In the brain, while μ-calpain is mainly located in the cell body and dendrites of neurons and to a lesser extent in axons and glial cells, m-calpain is found in glia and a small number in axons. Calpain is also involved in skeletal muscle protein breakdown due to exercise and altered nutritional states.

== Clinical significance ==

=== Pathology ===
The structural and functional diversity of calpains in the cell is reflected in their involvement in the pathogenesis of a wide range of disorders. At least two well known genetic disorders and one form of cancer have been linked to tissue-specific calpains. When defective, the mammalian calpain 3 (also known as p94) is the gene product responsible for limb-girdle muscular dystrophy type 2A, calpain 10 has been identified as a susceptibility gene for type II diabetes mellitus, and calpain 9 has been identified as a tumour suppressor for gastric cancer. Moreover, the hyperactivation of calpains is implicated in a number of pathologies associated with altered calcium homeostasis such as Alzheimer's disease, and cataract formation, as well as secondary degeneration resulting from acute cellular stress following myocardial ischemia, cerebral (neuronal) ischemia, traumatic brain injury and spinal cord injury. Excessive amounts of calpain can be activated due to Ca^{2+} influx after cerebrovascular accident (during the ischemic cascade) or some types of traumatic brain injury such as diffuse axonal injury. Increase in concentration of calcium in the cell results in calpain activation, which leads to unregulated proteolysis of both target and non-target proteins and consequent irreversible tissue damage. Excessively active calpain breaks down molecules in the cytoskeleton such as spectrin, microtubule subunits, microtubule-associated proteins, and neurofilaments. It may also damage ion channels, other enzymes, cell adhesion molecules, and cell surface receptors. This can lead to degradation of the cytoskeleton and plasma membrane. Calpain may also break down sodium channels that have been damaged due to axonal stretch injury, leading to an influx of sodium into the cell. This, in turn, leads to the neuron's depolarization and the influx of more Ca^{2+}. A significant consequence of calpain activation is the development of cardiac contractile dysfunction that follows ischemic insult to the heart. Upon reperfusion of the ischemic myocardium, there is development of calcium overload or excess in the heart cell (cardiomyocytes). This increase in calcium leads to activation of calpain.
Recently calpain has been implicated in promoting high altitude induced venous thrombosis by mediating platelet hyperactivation.
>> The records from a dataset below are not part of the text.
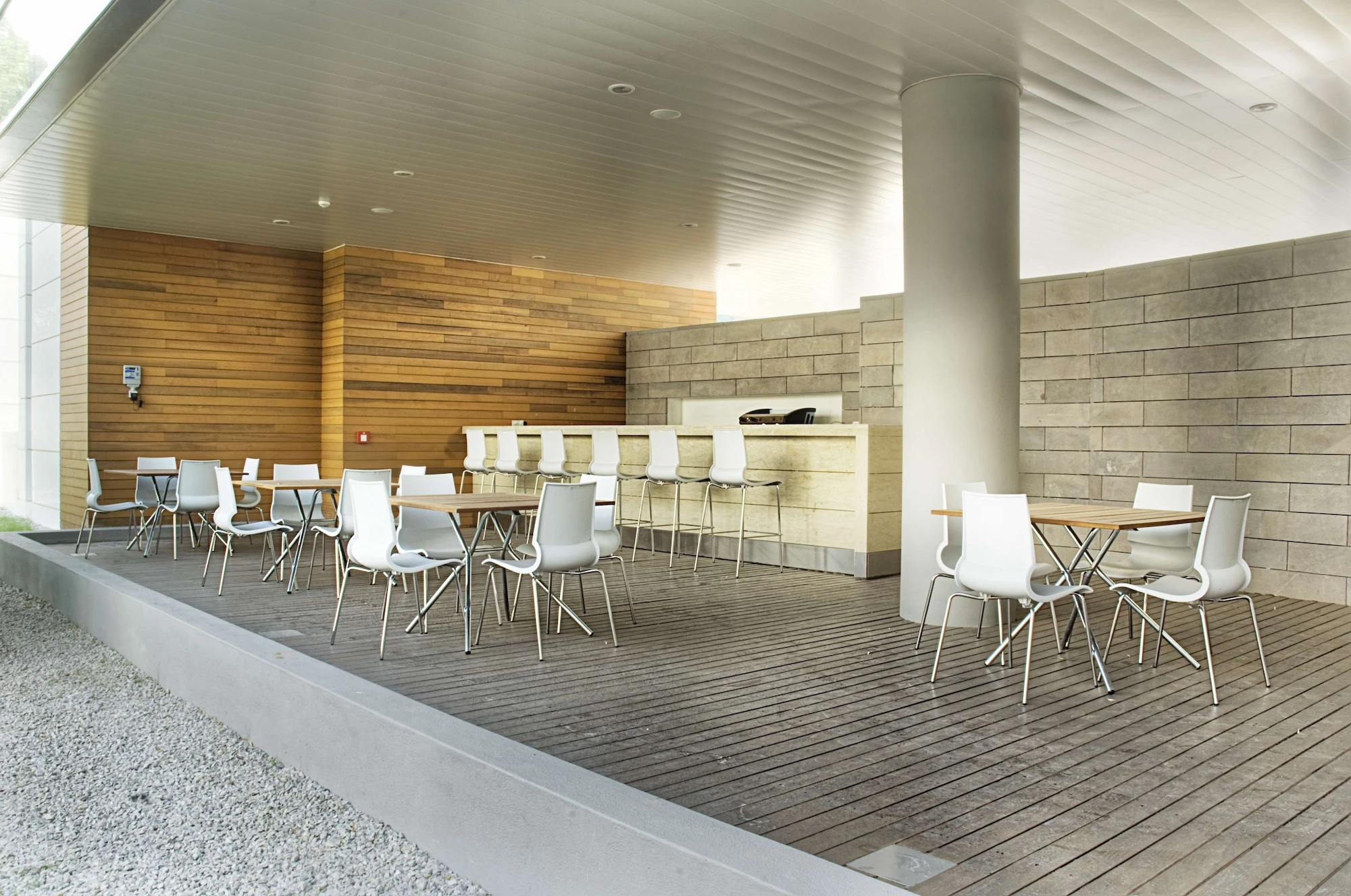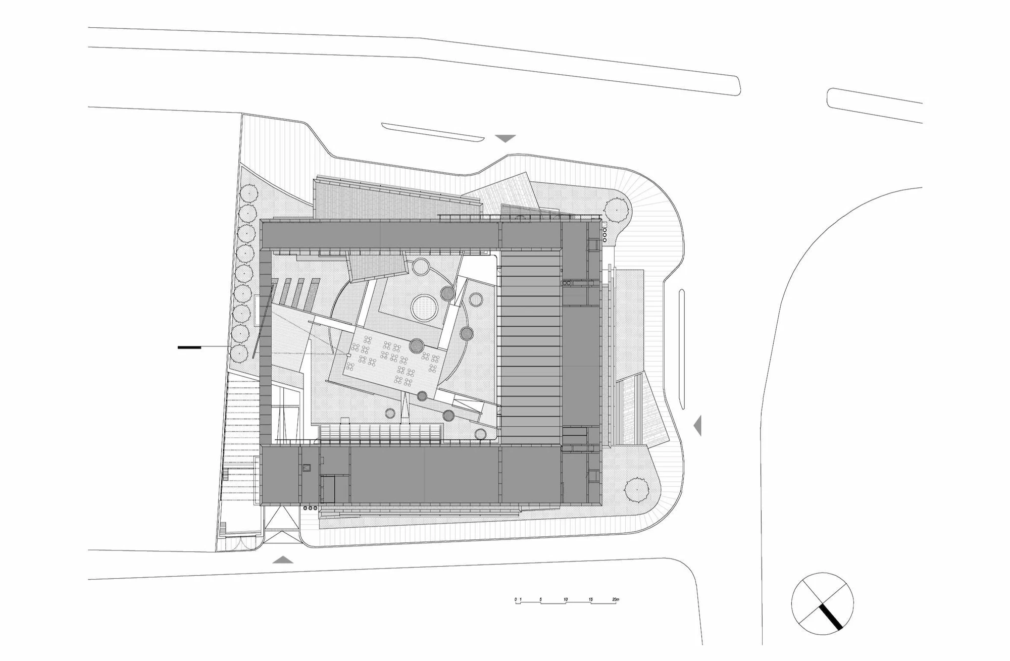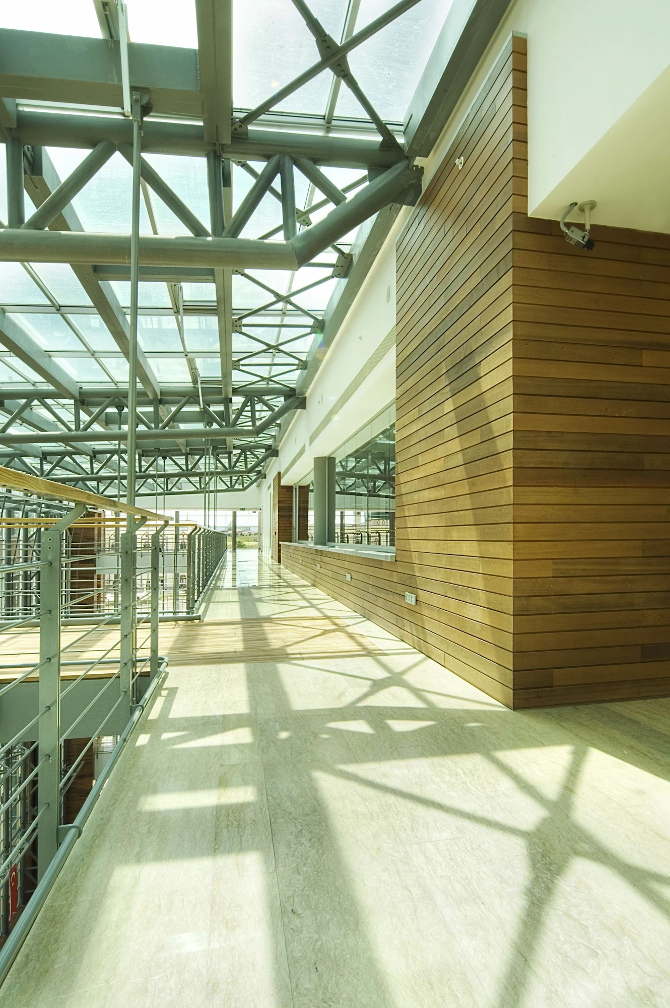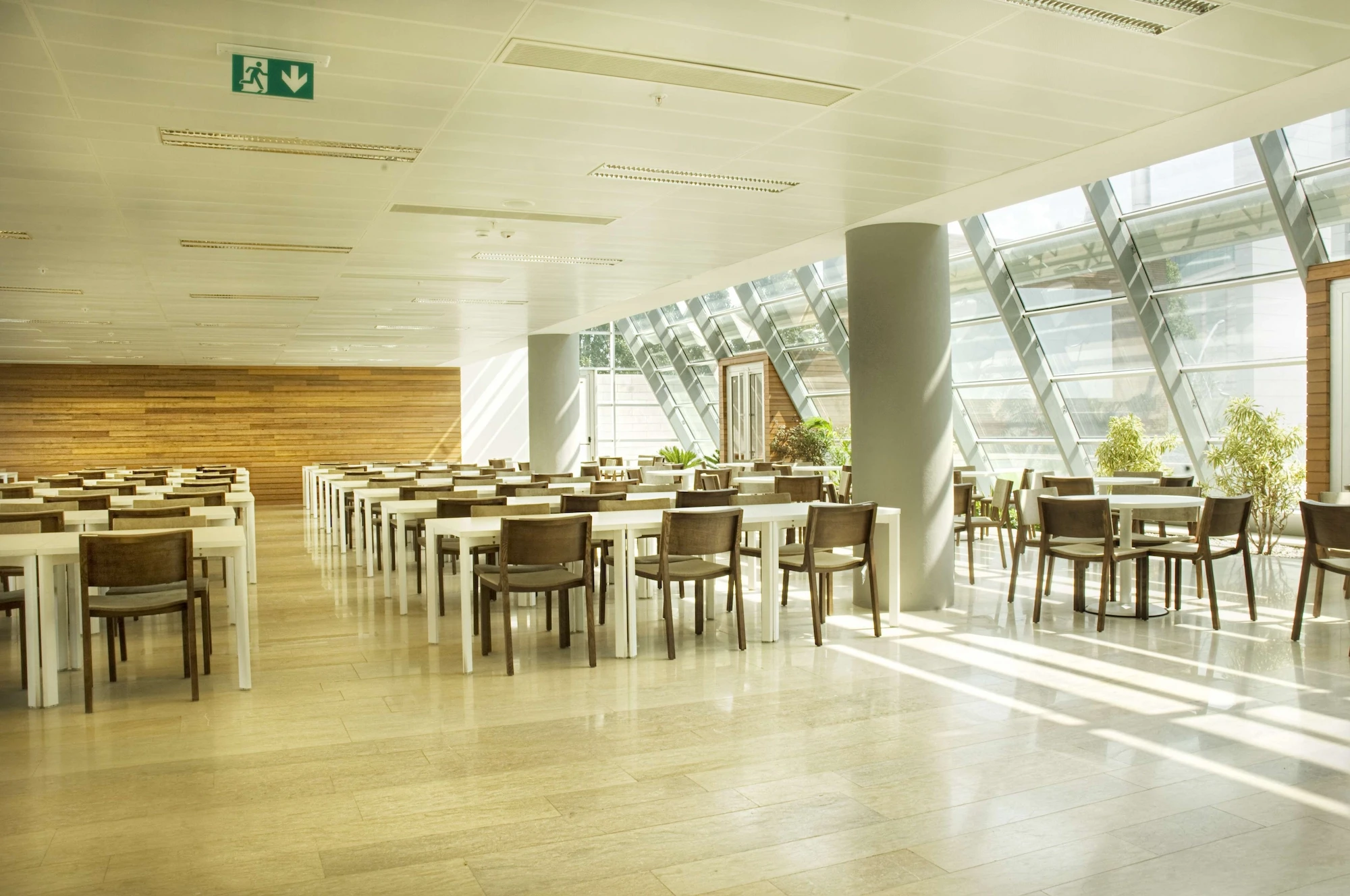 The atrium, consisting of the conference hall foyer, the entrance, the exhibition hall, and the floor bridges, forms a visual and functional mass connecting the social and the working areas with the interior garden. The clarity of the building planning openness to perception, provision for continuity between the spaces and transparency are factors that were constantly highlighted at each stage of design.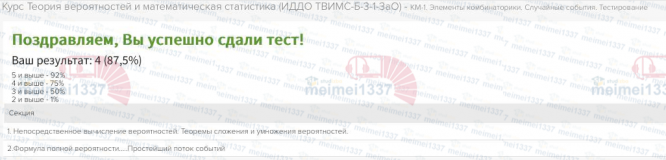 Для студентов ИДДО НИУ «МЭИ» по предмету Теория вероятностей и математическая статистика (ТВиМС)КМ-1. Элементы комбинаторики. Случайные события. Тестирование - 87.5%КМ-1. Элементы комбинаторики. Случайные события. Тестирование - 87.5%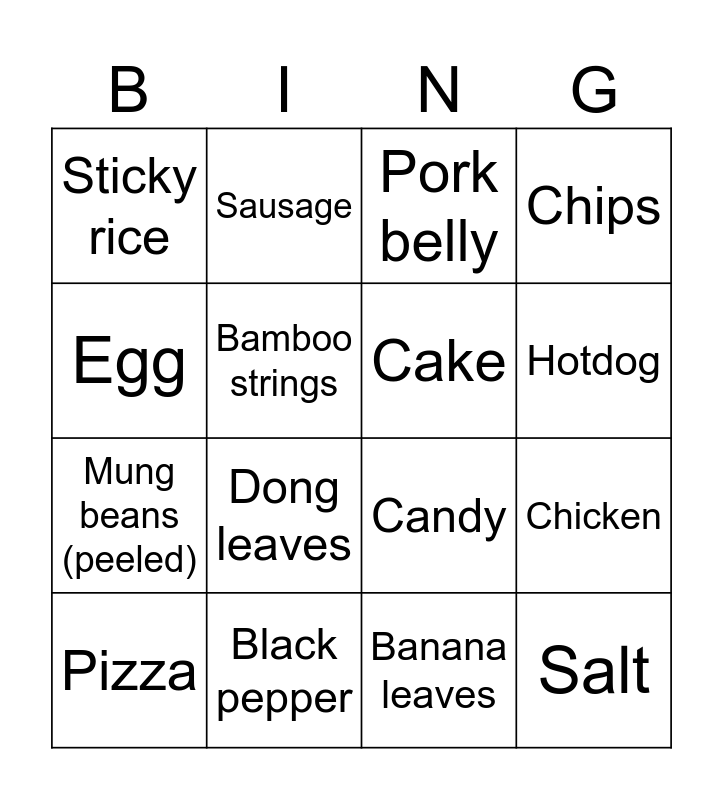 This bingo card has 16 words: Black pepper, Chicken, Pork belly, Sticky rice, Mung beans (peeled), Sausage, Candy, Banana leaves, Egg, Bamboo strings, Pizza, Chips, Dong leaves, Hotdog, Cake and Salt.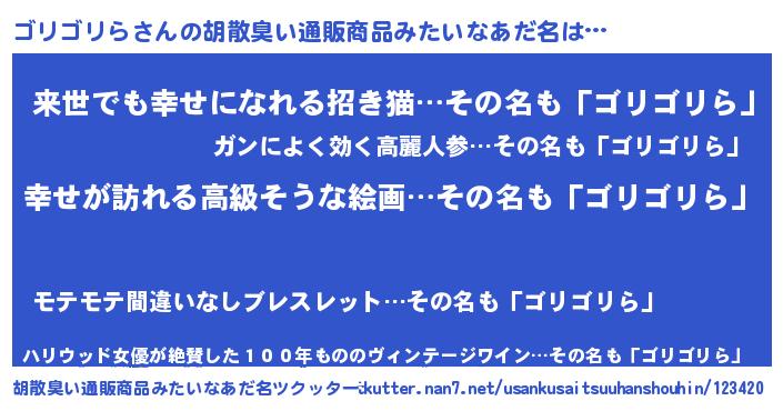 | 男性向けラノベタイトル風あだ名 | 『やはりゴリゴリらの青春ラブコメはまちがっている 』 |
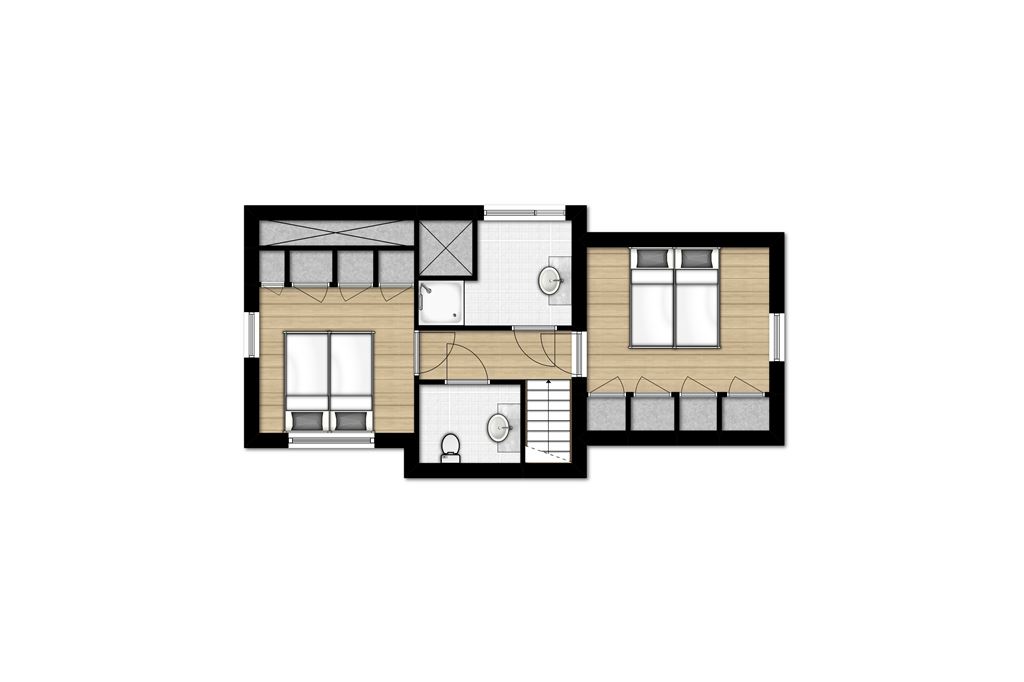 - Slaapkamer met twee 1-persoons boxsprings en stapelbed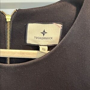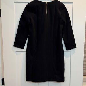 Elegant black dress with white accents. Features a sleek design and classic style. Never worn.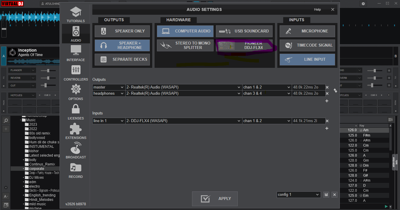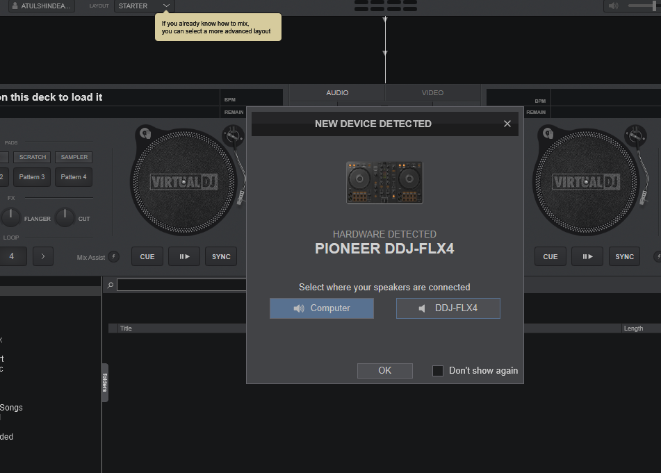 im trying operate Pioneer DDJ FLX4 with my laptop with Windows 11 OS. with licensed (Home)version of Virtual DJ Software. it was operating smooth till few days back. now its is not detecting sound card i guess. Attached image asks me to select where my speaker is connected but I'm not able to select DDJ-FL4. what might be the problem, and any solution..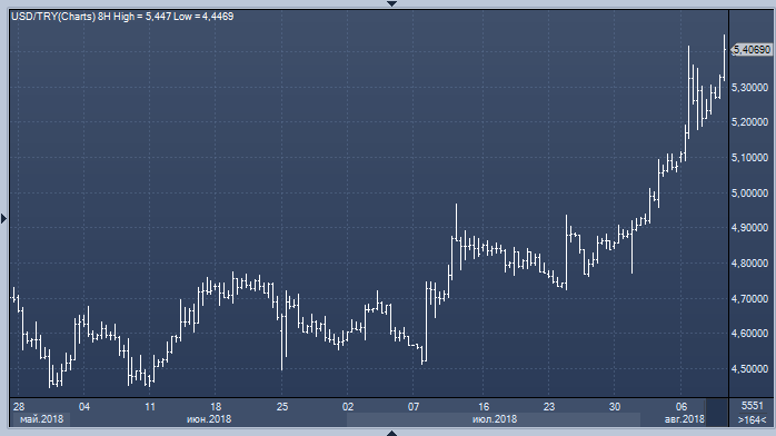 «Турция пока не намерена отпускать пастора Брансона, находящегося под домашним арестом, поэтому мы видим риски введения дополнительных санкций со стороны США», - пишут аналитики Rabobank. - «Ссора с американцами является лишь одним из факторов (большинство из которых внутренние), давящих на курс лиры. С начала года турецкая валюта подешевела примерно на 30%, спровоцировав новый всплеск инфляции».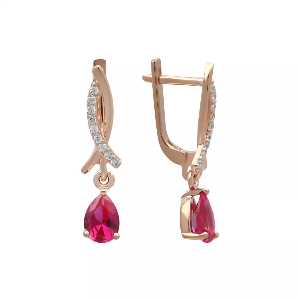 Серьги с корундом и фианитом из золота Артикул: 114069 кор

=== Therapeutic inhibitors ===
The exogenous regulation of calpain activity is therefore of interest for the development of therapeutics in a wide array of pathological states. As a few of the many examples supporting the therapeutic potential of calpain inhibition in ischemia, calpain inhibitor AK275 protected against focal ischemic brain damage in rats when administered after ischemia, and MDL28170 significantly reduced the size of damaged infarct tissue in a rat focal ischemia model. Also, calpain inhibitors are known to have neuroprotective effects: PD150606, SJA6017, ABT-705253, and SNJ-1945.

Calpain may be released in the brain for up to a month after a head injury, and may be responsible for a shrinkage of the brain sometimes found after such injuries. However, calpain may also be involved in a "resculpting" process that helps repair damage after injury.